╭─ STUDY MATERIAL
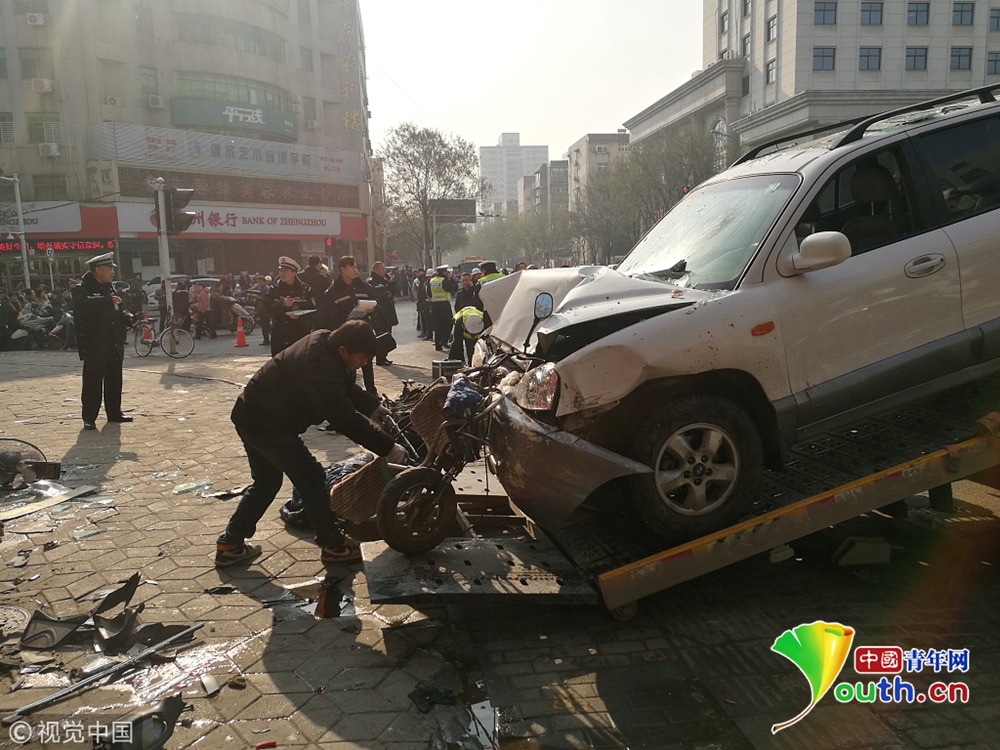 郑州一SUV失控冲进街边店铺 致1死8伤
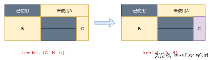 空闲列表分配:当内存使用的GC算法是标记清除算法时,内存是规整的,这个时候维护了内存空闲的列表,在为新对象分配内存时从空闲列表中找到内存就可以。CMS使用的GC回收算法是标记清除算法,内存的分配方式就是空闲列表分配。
╰─
╭─ STUDY MATERIAL
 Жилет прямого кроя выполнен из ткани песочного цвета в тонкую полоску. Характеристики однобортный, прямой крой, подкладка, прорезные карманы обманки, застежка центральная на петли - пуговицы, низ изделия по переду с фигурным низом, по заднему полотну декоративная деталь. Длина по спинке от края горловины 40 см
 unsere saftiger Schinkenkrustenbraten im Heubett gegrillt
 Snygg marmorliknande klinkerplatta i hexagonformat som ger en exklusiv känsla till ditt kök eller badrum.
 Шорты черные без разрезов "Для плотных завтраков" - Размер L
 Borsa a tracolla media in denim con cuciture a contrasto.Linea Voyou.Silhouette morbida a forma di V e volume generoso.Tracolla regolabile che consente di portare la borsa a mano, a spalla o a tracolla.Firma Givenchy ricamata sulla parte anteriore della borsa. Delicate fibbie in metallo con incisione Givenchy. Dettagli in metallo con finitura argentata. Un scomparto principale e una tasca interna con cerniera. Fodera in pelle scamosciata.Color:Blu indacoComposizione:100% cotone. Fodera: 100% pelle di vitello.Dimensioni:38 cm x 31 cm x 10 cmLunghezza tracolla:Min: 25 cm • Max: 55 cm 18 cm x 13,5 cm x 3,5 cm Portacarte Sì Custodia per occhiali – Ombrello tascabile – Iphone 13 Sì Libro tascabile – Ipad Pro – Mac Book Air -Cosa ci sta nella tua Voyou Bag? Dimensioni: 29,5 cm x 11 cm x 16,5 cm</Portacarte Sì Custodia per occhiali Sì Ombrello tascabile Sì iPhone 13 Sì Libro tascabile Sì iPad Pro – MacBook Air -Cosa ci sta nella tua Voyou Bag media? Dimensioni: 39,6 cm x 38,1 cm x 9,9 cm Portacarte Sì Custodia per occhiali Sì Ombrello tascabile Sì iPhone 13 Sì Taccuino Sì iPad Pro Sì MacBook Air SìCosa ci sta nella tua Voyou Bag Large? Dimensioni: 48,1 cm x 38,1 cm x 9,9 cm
╰─
- TASK DIRECTIONS
Leaving pictures out, output the lines of the data above from the one with "郑州一SUV失控冲进街边店铺 致1死8伤" through the one with "空闲列表分配:当内存使用的G", word for word.

- ANSWER SECTION
 郑州一SUV失控冲进街边店铺 致1死8伤
 空闲列表分配:当内存使用的GC算法是标记清除算法时,内存是规整的,这个时候维护了内存空闲的列表,在为新对象分配内存时从空闲列表中找到内存就可以。CMS使用的GC回收算法是标记清除算法,内存的分配方式就是空闲列表分配。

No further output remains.